A plausible explanation for our findings may be that the mechanical injury, caused by NIV, on the alveolar-capillary membrane has a causal association with the increase of adiponectin levels and in that case adiponectin may play a protective role. On the other hand, the increase of serum adiponectin levels in our study, may not be directly related to NIV. In that case, higher adiponectin levels may be associated with improved pulmonary function through their anti-inflammatory effects. This might be an additional explanation of the more delayed improvement in spirometric parameters.

Insulin resistance and adiponectin levels of the patients in our study, improved after the application of NIV and the improvements were maintained throughout the trial. Specifically, adiponectin levels seem to be more sensitive as they improved from the first month of NIV use, whereas for insulin resistance it took a longer period for any improvement to be seen. Yet the improvements were maintained thereafter.

One possible explanation of this finding is that adiponectin is not purely related to adipose tissue metabolism and previous studies have shown that adiponectin levels are associated with systemic inflammation in patients with COPD. For example, Krommidas et al. (21) have found increased levels of adiponectin at the onset of an acute exacerbation of COPD (AECOPD) that was reduced after the successful management of the exacerbation. These authors have also provided evidence for an association of adiponectin levels with biomarkers of systemic inflammation (including CRP, interleukin-6 and tumor necrosis factor-α). Improvements in systemic inflammation due to the overall improvement of our patients may account at least in part for the early changes in adiponectin. Further studies are needed to support this hypothesis.

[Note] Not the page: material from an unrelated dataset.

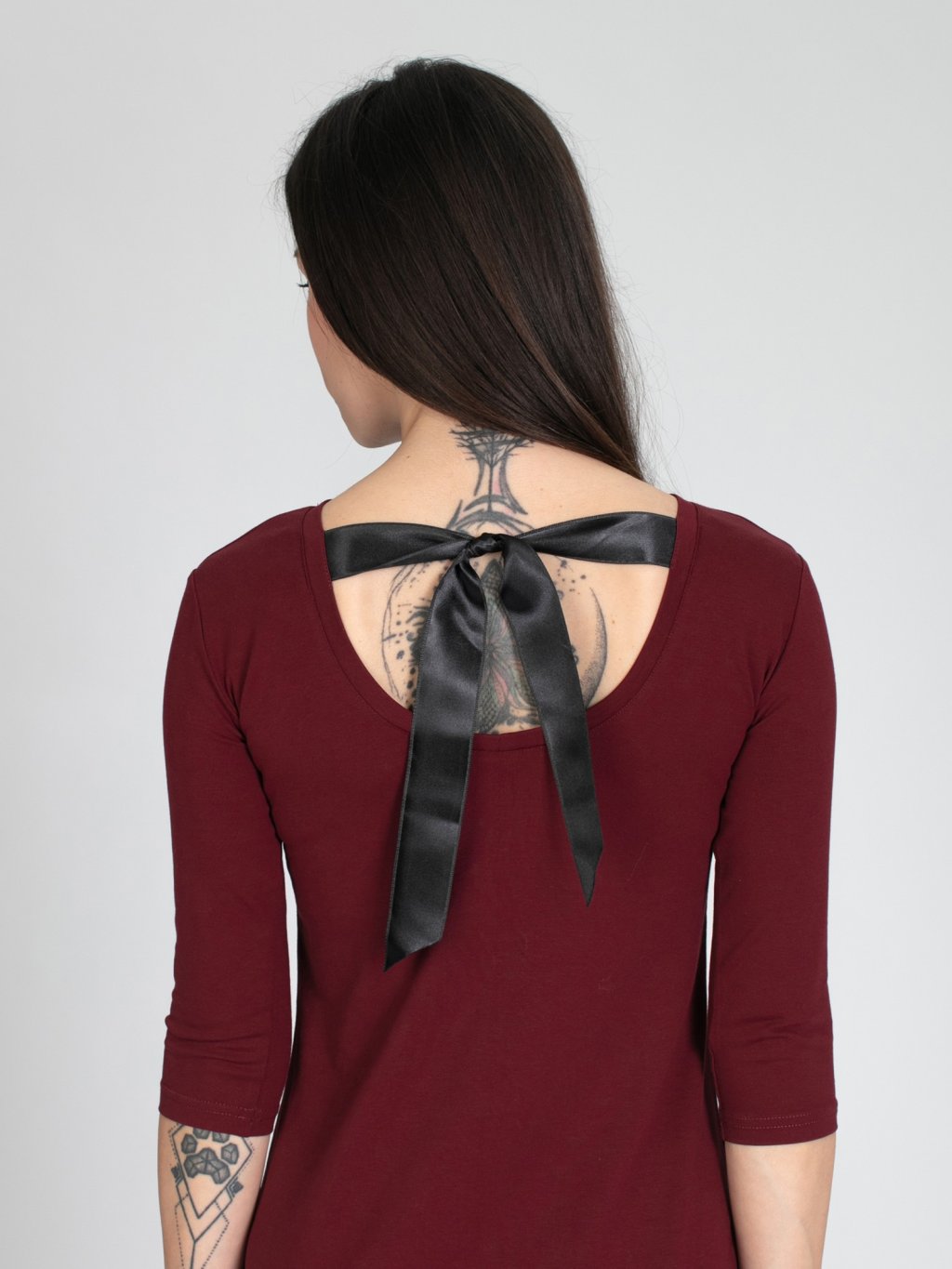 - Otevřená záda se saténovou mašlí – romantický prvek, který dělá šaty jedinečnými.

In addition, systemic and airway adiponectin concentrations are higher in COPD patients than controls, as demonstrated by case-control studies in humans. Systemic adiponectin is also positively associated with lung function in healthy adults but inversely associated with lung function in subjects with COPD (34). It is therefore possible that pro-inflammatory effects of adiponectin dominate under certain physiologic conditions and anti-inflammatory effects under others. The literature on the associations between adipokines and lung disease has critical gaps that include a lack of adequately powered longitudinal studies. It is uncertain whether adipokine changes precede pulmonary disease or are a consequence of it (34). Future research will determine whether modulation of adipokines, independent of BMI, may allow novel ways to prevent or treat inflammatory pulmonary conditions and our study offers some new data towards this direction.

A recent meta-analysis showed that constant positive airway pressure (CPAP) significantly improved insulin resistance in nondiabetic patients with moderate to severe OSA, while no significant change in body mass index was detected. Compared with fasting blood glucose at baseline, there was no change in glycemic control after 6 months of CPAP use (6). In another study concerning patients with OSA, there was not any significant change on insulin resistance after 3 months of treatment with CPAP (35). However, a four month treatment with CPAP of 10 patients with diabetes and OSA resulted in a reduction of fasting insulin despite maintenance of BMI (36). Probably, the modification of insulin sensitivity is time dependent and the length of effective treatment has to be determined in the future.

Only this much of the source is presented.